Collective behavior of an adapting synapse-based neuronal network with memristive effect and randomness.

This study delves into the examination of a network of adaptive synapse neurons characterized by a small-world network topology connected through electromagnetic flux and infused with randomness. First, this research extensively explores the existence of the global multi-stability of a single adaptive synapse-based neuron model with magnetic flux. The non-autonomous neuron model exhibits periodically switchable equilibrium states that are strongly related to the transitions between stable and unstable points in every whole periodic cycle, leading to the creation of global multi-stability. Various numerical measures, including bifurcation plots, phase plots, and basin of attraction, illustrate the intricate dynamics of diverse coexisting global firing activities.
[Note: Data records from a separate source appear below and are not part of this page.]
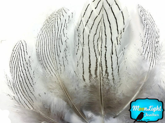 6 Pieces - Large Natural White Silver Pheasant Barred Plumage Feathers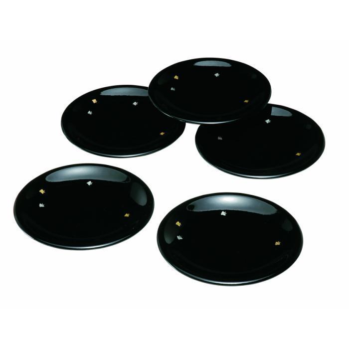 紀州漆器職人が丁寧に仕上げた【5.0寸 銘々皿 黒 千鳥 (5枚組)】です。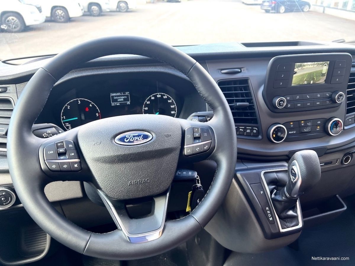 Automaattivaihteisto, Obsidian -musta metalliväri, vakionopeudensäädin, nahkainen ohjauspyörä, Ford -ohjaamon manuaali-ilmastointi, LED-päiväajovalot, 16 tuuman alumiinivanteet, 2 x Airbag, ohjaamon kaihdinverhot, Ford Audio -soitin ja peruutuskamera, pysäköintiavustin edessä ja takana, etusumuvalot, takaikkunan lämmitys, takaovissa LED-Downlight valaistus, TV-valmius, lisäpehmuste varavuoteeseen, eristetty ja lämmitetty jätevesisäiliö, USB-latausrasia, MidiHeki -kattoikkuna, markiisi, suihkun puinen lattiaritilä, suihkuvarustus, pesutilan ikkuna, vaatetanko pesutilassa, hyttysverkko-ovi.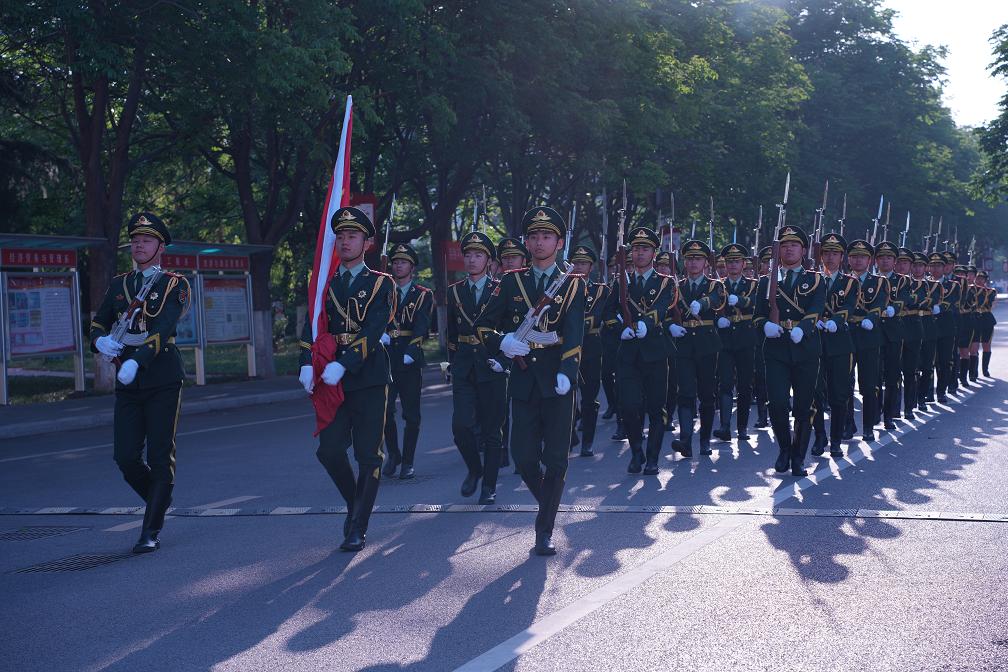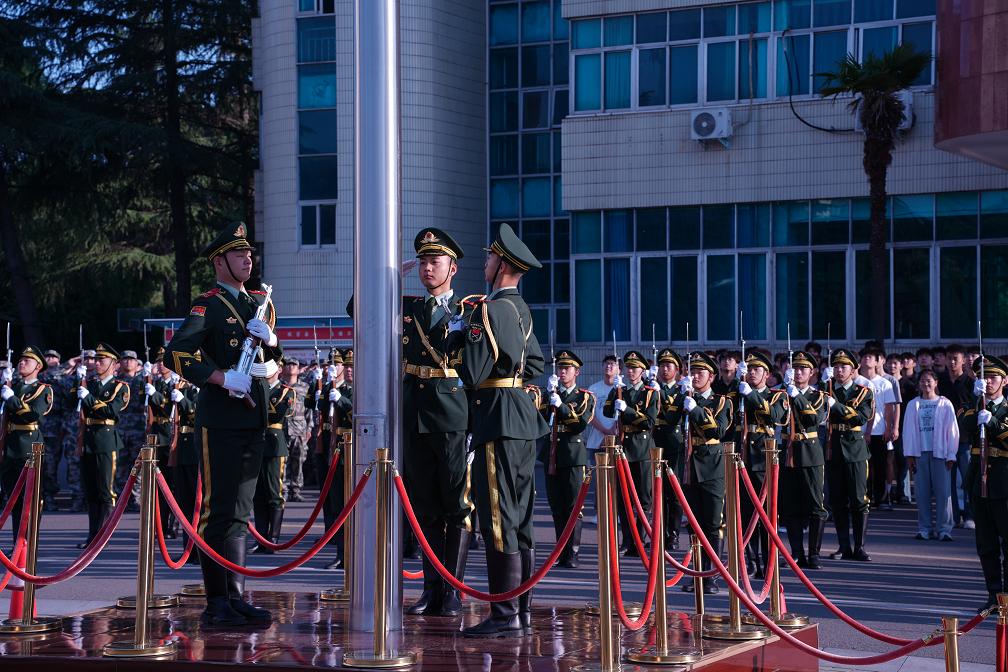 晨光熹微间,旭日东升,金色的光芒洒满校园,为宁静的楼宇与葱郁草木镀上一层温暖光晕。“升国旗仪式现在开始,请yl23411国旗护卫队出旗……”。随着主持人口令的发出,国旗护卫队队员们迈着整齐有力的步伐、呼喊着嘹亮的口号出旗,他们坚定的目光、划一的动作,彰显着青春萌动的蓬勃力量与对国旗的敬重。在激昂高亢的国歌声中,五星红旗徐徐升起,高高飘扬。全体师生行注目礼,心中充满对伟大祖国的热爱与敬意。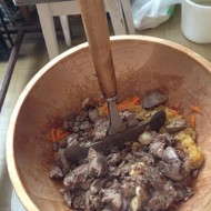 Take a cleaver and diligently chop the contents of the bowl. I always chop the pâté. These little pieces create an indescribable sensation.
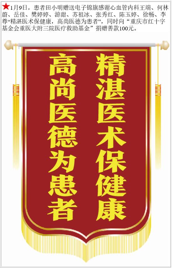 患者田小明赠送电子锦旗感谢心血管内科王端等,并向医疗救助基金捐赠善款100元。
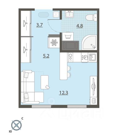 Жилая площадь 12.3 м2, кухня 5.2 м2, чистовая отделка. Раздельных санузлов - нет, балконов - нет, лоджий - нет.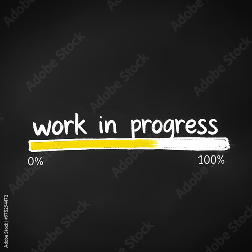 Obraz premium The image shows a 'work in progress' bar on a blackboard, partially filled in...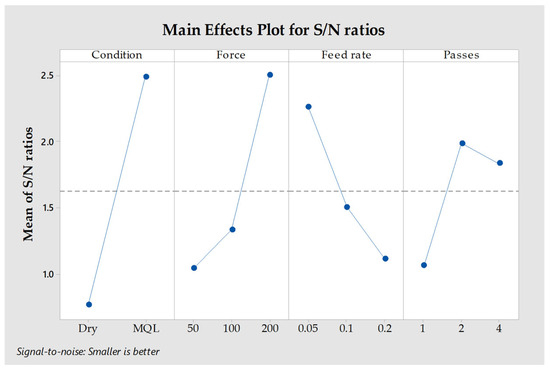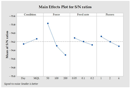 Figure 5 illustrates the main effects of process parameters on the signal-to-noise (S/N) ratio for surface roughness using the “smaller is better” criterion. The MQL environment outperformed dry conditions in reducing surface roughness. Higher forces (200 N) and lower feed rates (0.05 mm/rev) resulted in better surface quality. Additionally, increasing the number of passes improved surface roughness, with two passes being the most effective.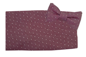 Elegant simplicity in rich burgundy chambray, scattered with crisp white dots. This coordinated set pairs a refined cummerbund with a matching bow tie - the kind of piece that works equally well at a wedding, formal dinner, or any occasion that calls for understated sophistication.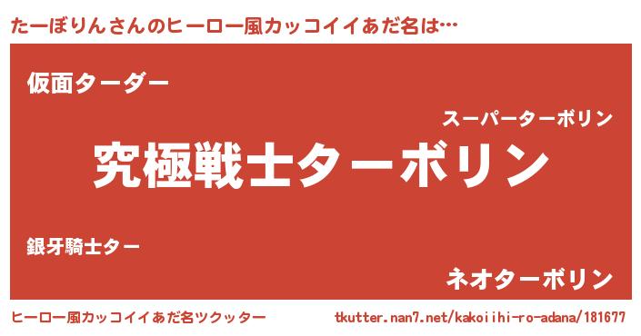 | 男性向けラノベタイトル風あだ名 | 『Re:たーぼりんから始める異世界生活』 |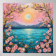 In the foreground, blossoming cherry trees with delicate pink flowers frame the image, their branches curling gracefully. The water below mirrors the colors of the sky, reflecting the tranquil mood, while golden accents, possibly depicting sunlight, add a touch of warmth and brightness. Overall, the image evokes a sense of peace and natural beauty.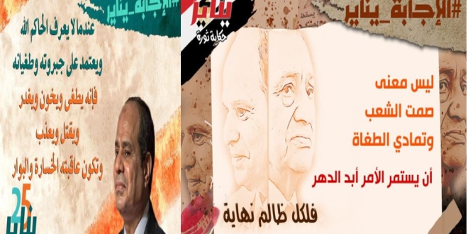 أطلق ناشطون هاشتاج الإجابة_يناير ليتصدر موقع التواصل الاجتماعي للتغريدات "تويتر" أمام هجمة السيسي على ثورة يناير وادعاء أنها أرادت إسقاط الجيش والشرطة.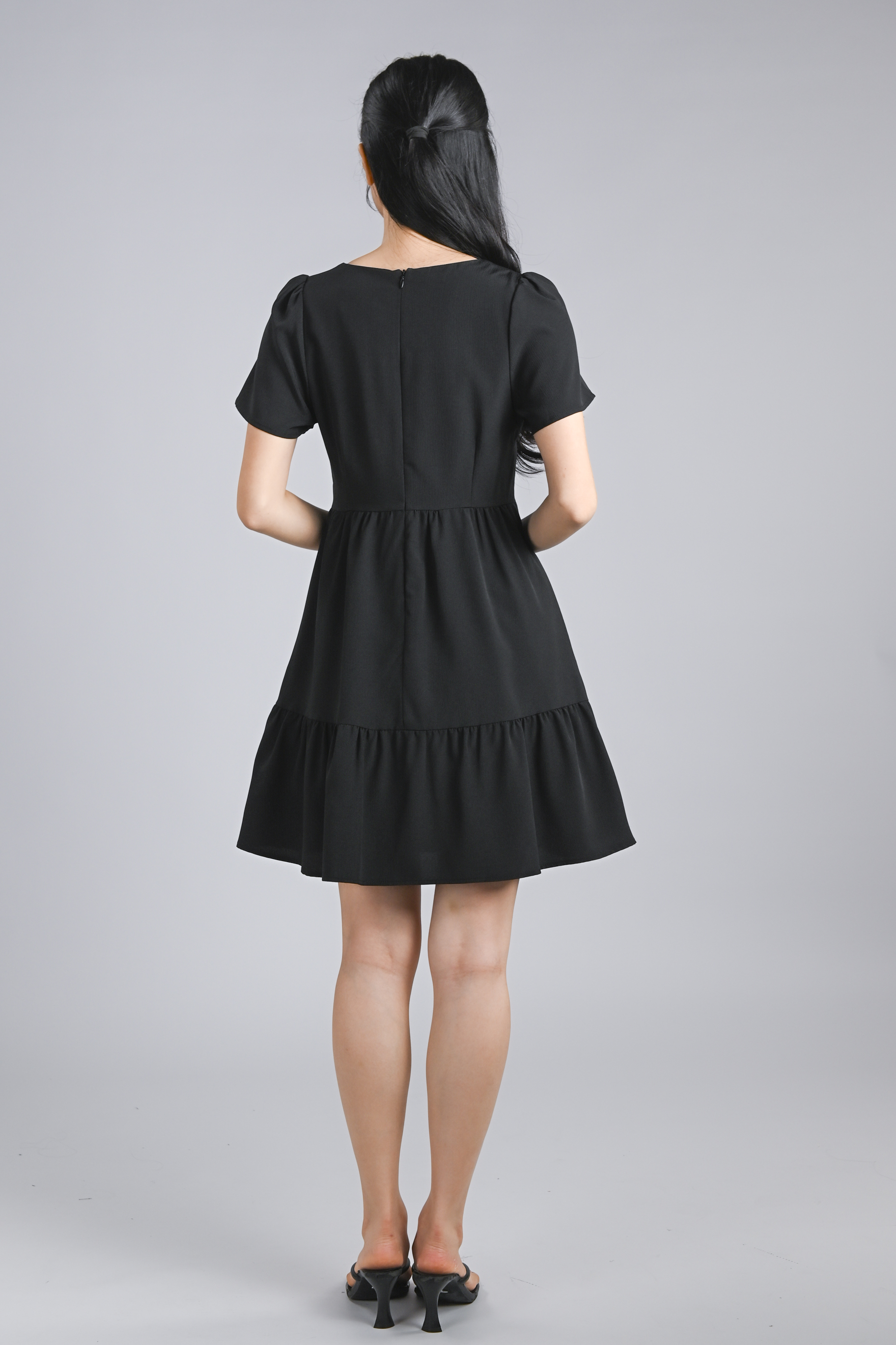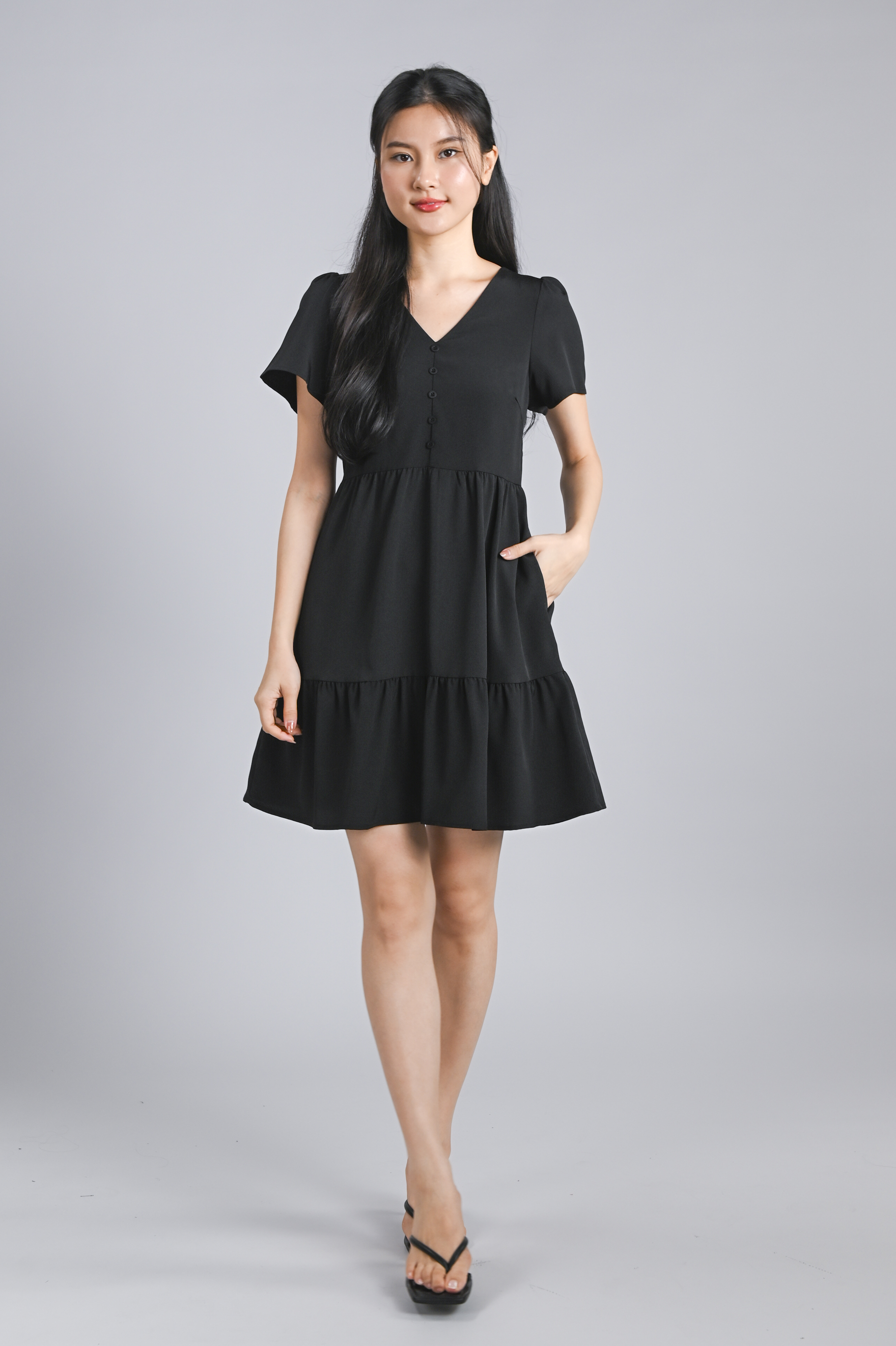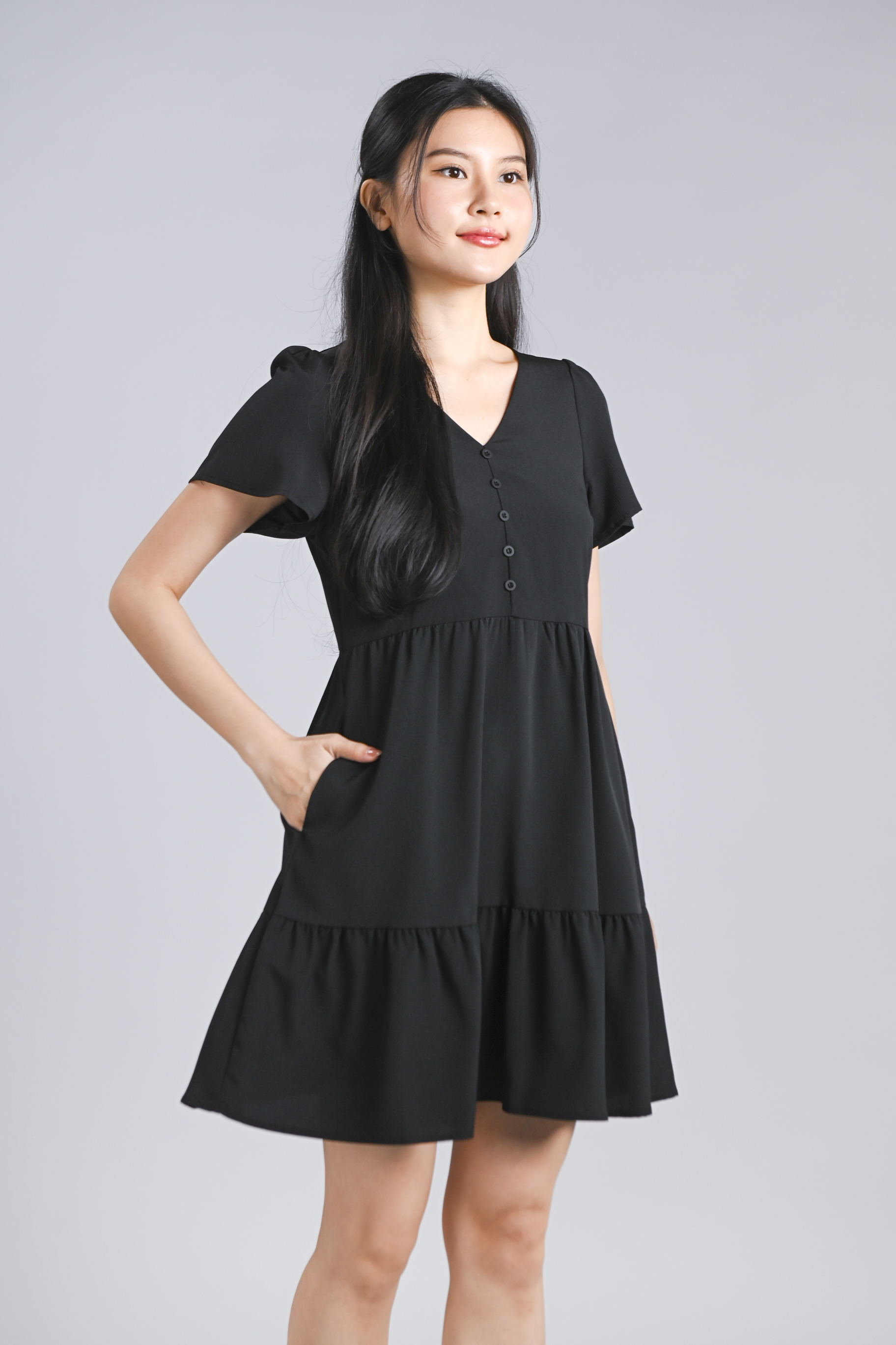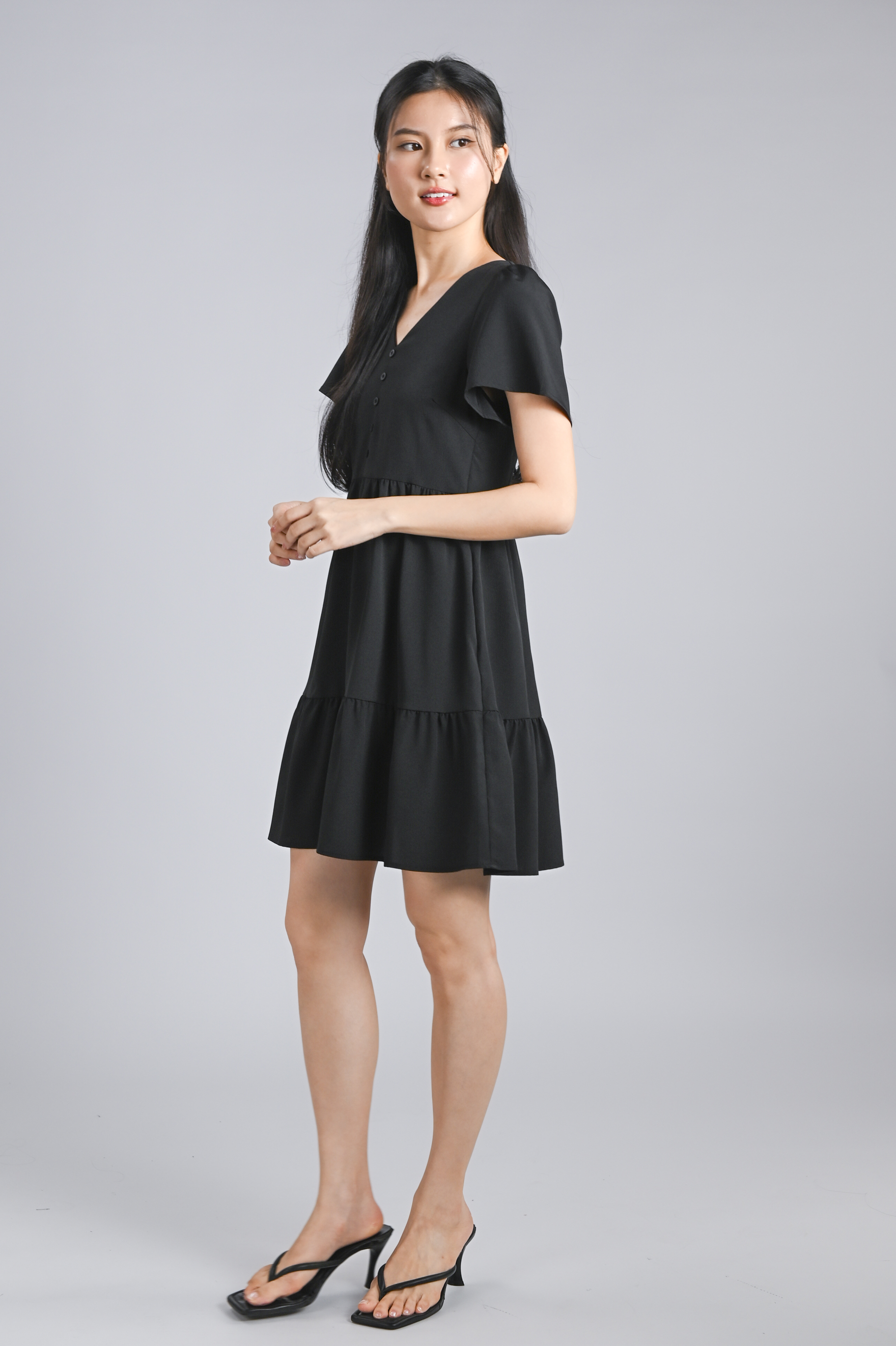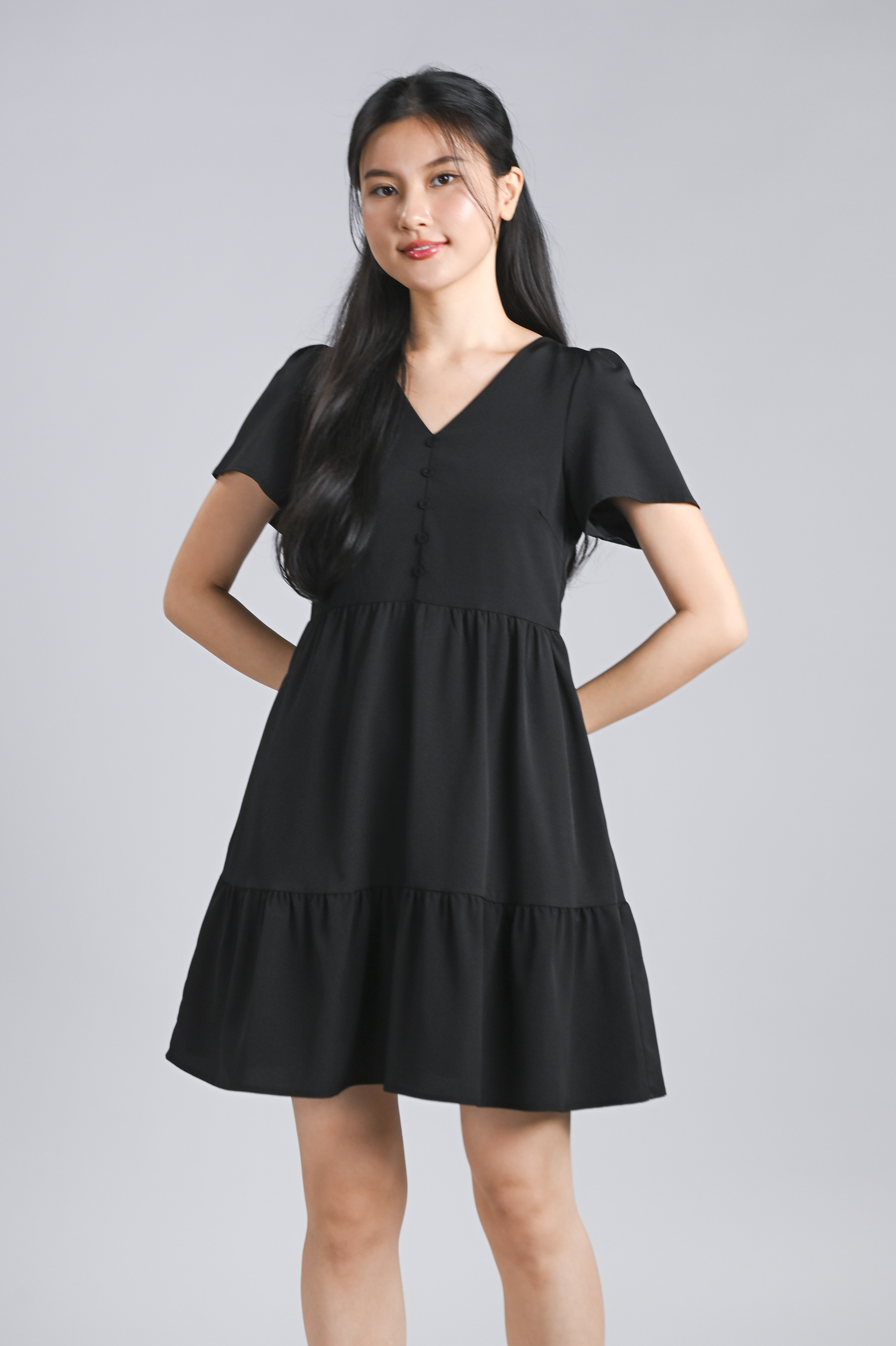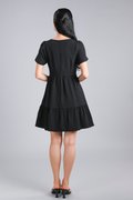 STELLA SLEEVED BUTTON FLOUNCE DRESS IN BLACK

Moreover, the model is extended by coupling two neurons with a memristive synapse. The dynamics of the coupled neurons model are showcased with the help of largest Lyapunov exponents, and synchronized dynamics are viewed with the help of mean average error. Next, we consider a regular network of neurons connected to their nearest neighbors through the memristive synapse. We then reconstruct it into a small-world network by increasing the randomness in the rewiring links. Consequently, we observed collective behavior influenced by the number of neighborhood connections, coupling strength, and rewiring probability. We used spatio-temporal patterns, recurrence plots, as well as global-order parameters to verify the reported results.